Читаем Лапти полностью

— Нешто некошена будет стоять?.. Знамо, добры люди скосили.

Переглянулись Степан с Прасковьей, и та, наливая ему в кружку молока, нагнувшись, шепнула:

— Устал он.

Долго разглядывал Степан своего сына, а тот равнодушно, словно нарочно не замечая пристального взгляда отца, смотрел мимо него в окно. Степан спросил Прасковью:

— Много навязали?

— Да как сказать? Телег пятнадцать, што ль, а может, и меньше. Не довязали мы, надо бабу чью-нибудь взять.

Петька усмехнулся:

— Сказала тоже: «ба-бу»! Эка, невесть что… Сами свяжем.

Со вздохом добавил:

— Наше дело… привышно…

«Какой он стал! — подумал Степан. — А ведь это он нарочно большим притворяется».

— Кончил, что ль, учиться? — спросил Степан.

Петька прошел к лавке и сердито процедил:

— «Кончил»!.. Чего кончать? Ежели бы в твердой сети было училище.

— Стало быть, плохо учат?

— Плохо-о… А где книги? Дают нам?

Степан улыбнулся. Ведь перед ним был тот самый карапуз Петька, которого когда-то стегал ремнем за баловство. А теперь? Гляди, какой стал.

Петька взял кружку, налил себе молока и, громко прихлебывая, как это делают большие, указал в окно:

— Казенные, что ль, лошади?

— Да.

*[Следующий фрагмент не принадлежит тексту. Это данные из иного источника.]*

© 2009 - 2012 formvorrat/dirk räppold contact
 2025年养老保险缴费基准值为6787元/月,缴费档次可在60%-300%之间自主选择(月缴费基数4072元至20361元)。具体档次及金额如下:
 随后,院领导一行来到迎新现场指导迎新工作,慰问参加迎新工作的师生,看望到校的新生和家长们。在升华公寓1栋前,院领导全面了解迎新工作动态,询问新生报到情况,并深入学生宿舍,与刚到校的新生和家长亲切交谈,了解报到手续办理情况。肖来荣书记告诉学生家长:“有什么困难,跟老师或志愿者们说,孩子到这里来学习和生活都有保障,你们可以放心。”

А что?

— В плуг бы их, жир-то сразу слетел бы…

Мельком заметил Степан Петькины руки: черные, потрескавшиеся, в «цыпках», с обломанными ногтями. Взглянул на свои, и… где-то внутри щекотнул укор совести.

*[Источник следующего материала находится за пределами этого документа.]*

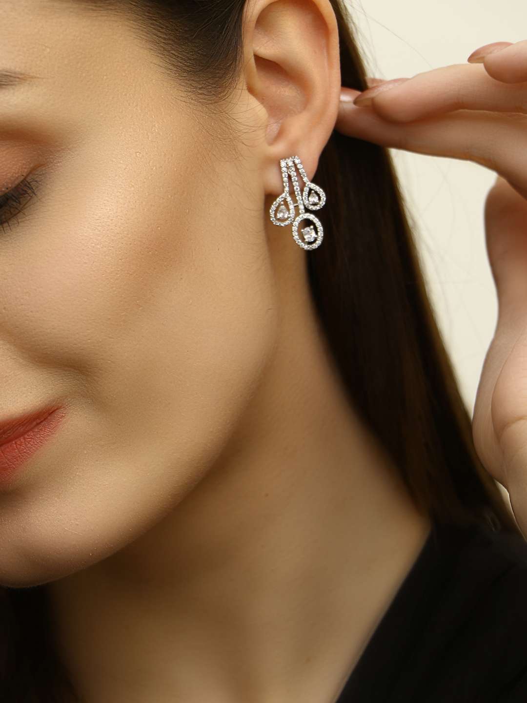 Women Rhodium Plated Stone Studded Earrings. Our Rhodium Plating is non-allergic to skin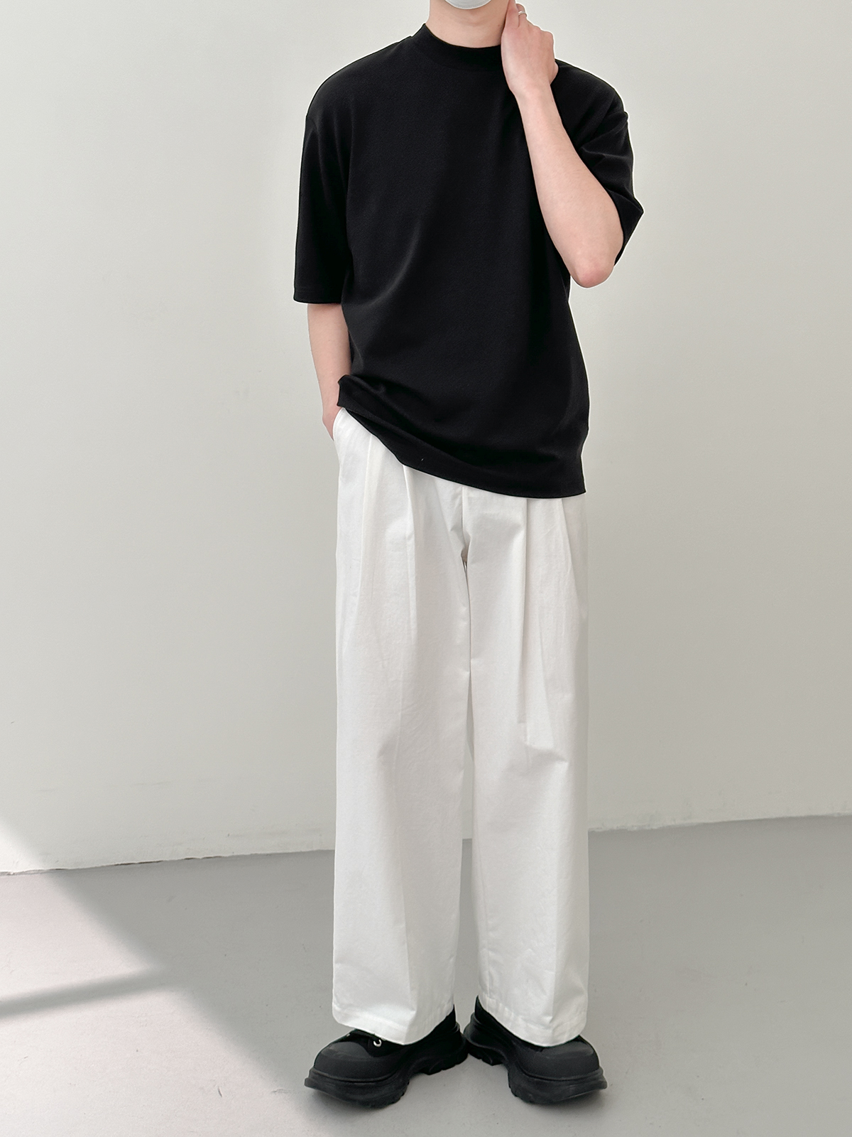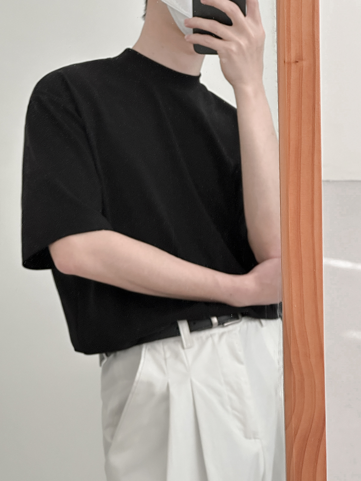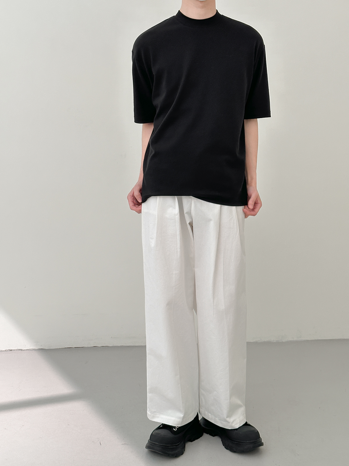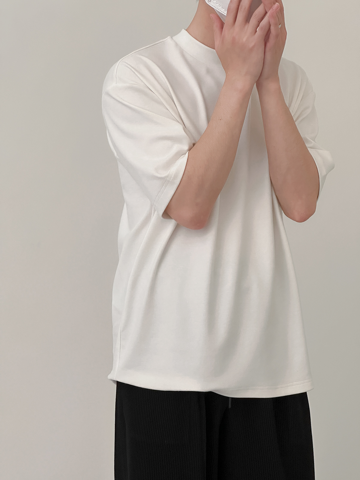 DAZO 高級感純色半高領短袖T恤男夏季小領口五分袖上衣寬鬆百搭潮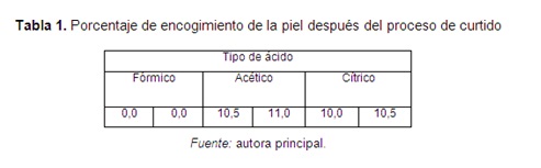 Como se observa en la Tabla 1, solamente el ácido fórmico presentó buenos resultados, mostrando combinación del cromo con las cadenas peptídicas del colágeno de la piel, lo que se manifiesta en el nulo encogimiento del cuero. Los ácidos acético y cítrico presentan elevado porcentaje de encogimiento, siendo cero el requerido para cuero destinado a calzado colegial o para confección.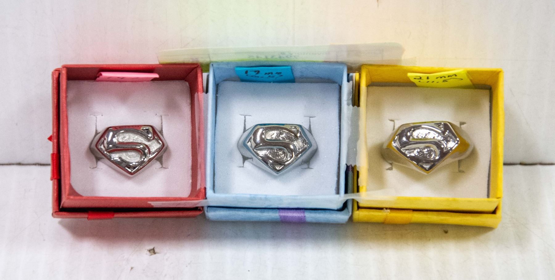 SUPERMAN RINGS (3). SIZE: 21, 17, & 15 MM.

— Насчет лошадей это ты, сынок, верно.

— Чего там не верно… У нас вот…

Степан перебил его:

— Да, да, без лошади, сам знаю, плохо. Обязательно надо купить… Я вот как-нибудь… Хоро-ошую…

Быстро метнул на него Петька взглядом, видимо хотел что-то сказать, но неожиданно вскочил и, ничего не говоря, хлопнул дверью.

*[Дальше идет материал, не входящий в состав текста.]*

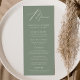 Einfaches und elegantes Hochzeitsmenü mit "Menü", das in einem modernen weißen Skript mit einem sage grünen Hintergrund oder Farbe Ihrer Wahl angezeigt wird. Personalisieren Sie das Salbei-grüne Hochzeitsmenü, indem Sie Ihre Namen, das Hochzeitdatum und Menüinformationen hinzufügen. Entworfen, um mit unserer Hochzeitskollektion "Moderne Elegance" zu koordinieren.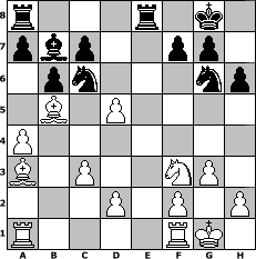 game notation in PGN-format [Event "Februar 2018"] [Site "www.myChess.de"] [Date "2018.02.03"] [Round "1"] [White "Steffi"] [Black "Knight"] [ECO "D20"] [WhitemyELO "1504"] [BlackmyELO "1091"] [Result "1-0"] [TimeControl "10/1728000"] [WhiteDays "26"] [BlackDays "00"] [MyChessNo "111258"] 1. d4 d5 2. c4 dxc4 3. e4 e6 4. Bxc4 Nc6 5. Nf3 h6 6. O-O Bd6 7. Nc3 Bb4 8. a3 Bxc3 9. bxc3 Nge7 10. a4 O-O 11. Ba3 Re8 12. Qb3 Ng6 13. g3 b6 14. Bb5 Bb7 15. d5 exd5 16. Qxd5 Qxd5 17. exd5 1-0 position notation in FEN-format r3r1k1/pbp2pp1/1pn3np/1B1P4/P7/B1P2NP1/3P1P1P/R4RK1 - - - 0 17 Captured white pieces: Captured black pieces: Click on a captured piece in order to display the desired move!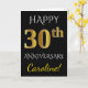Carte Noir, Faux Or 30e Anniversaire de Mariage + Nom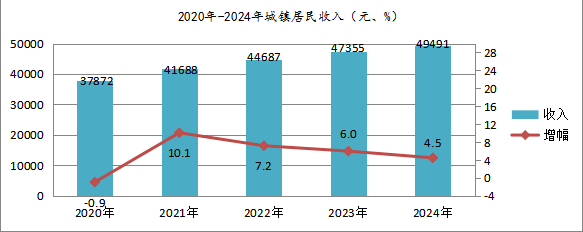 2024年,全區(qū)城鎮(zhèn)常住居民人均可支配收入49491元,同比增長4.5%。全區(qū)農(nóng)村常住居民人均可支配收入27908元,同比增長6.6%。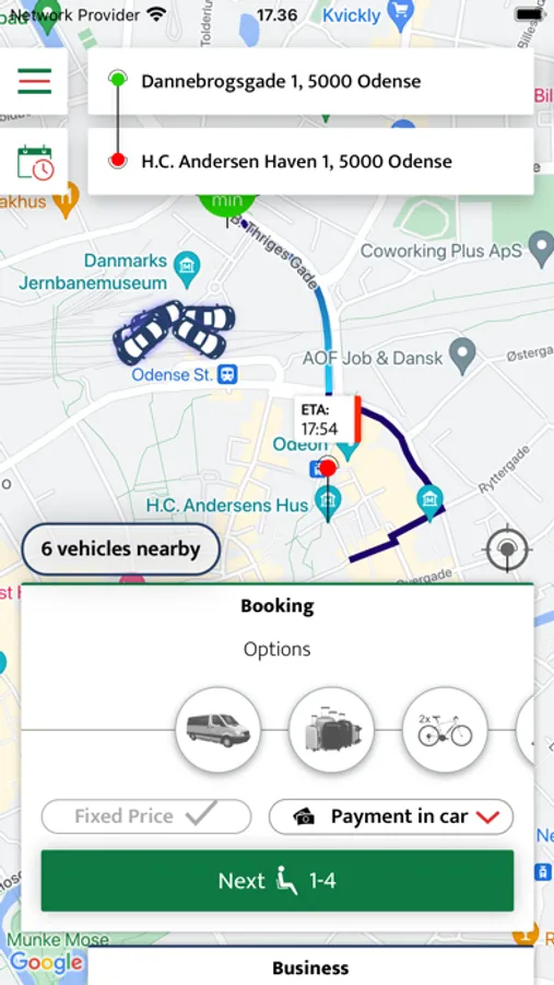 Taxa Fyn serves the following cities and areas: Odense, Svendborg, Fredericia, Kolding, Middelfart, Assens, Nyborg and Faaborg. In addition, we collaborate with Esbjerg Taxi.

— Вот тебе и ра-аз, — удивился Степан. — Это что?

Прасковья испуганно зашептала:

— И сама не знаю, Степа… какой-то сердитый теперь стал. Все о чем-то думает… Устает ведь он, Степа. На нем работы, как на большом…

Аксютка снова забралась к отцу на колени, провела ему пальцем по щеке.

— Глянь, мамочка, а на тятяне грязь.

Прасковья спохватилась.

— Ты, Степа, и не умылся? Умойся, а я самовар тебе поставлю. Ты ведь посидишь еще, а?

— Не надо, — отмахнулся Степан. — Мне некогда…

— Недолго ведь. Пока лошади едят, ты умоешься, а чурки у нас готовы, вода есть…

— Ехать пора, к поезду не поспею… Мне ведь с тобой надо…

И осекся. Увидел, как Прасковья качнулась, уперлась дрожащими руками о край лавки, побледнела. Глухо ответила:

— Ну… как хошь…

Степан отвернулся к окну, смотрел, как курил кучер свою большую трубку и о чем-то тихо переговаривался с теткой Еленой, а несколько взрослых парней молча, с нескрываемой завистью разглядывали лошадей.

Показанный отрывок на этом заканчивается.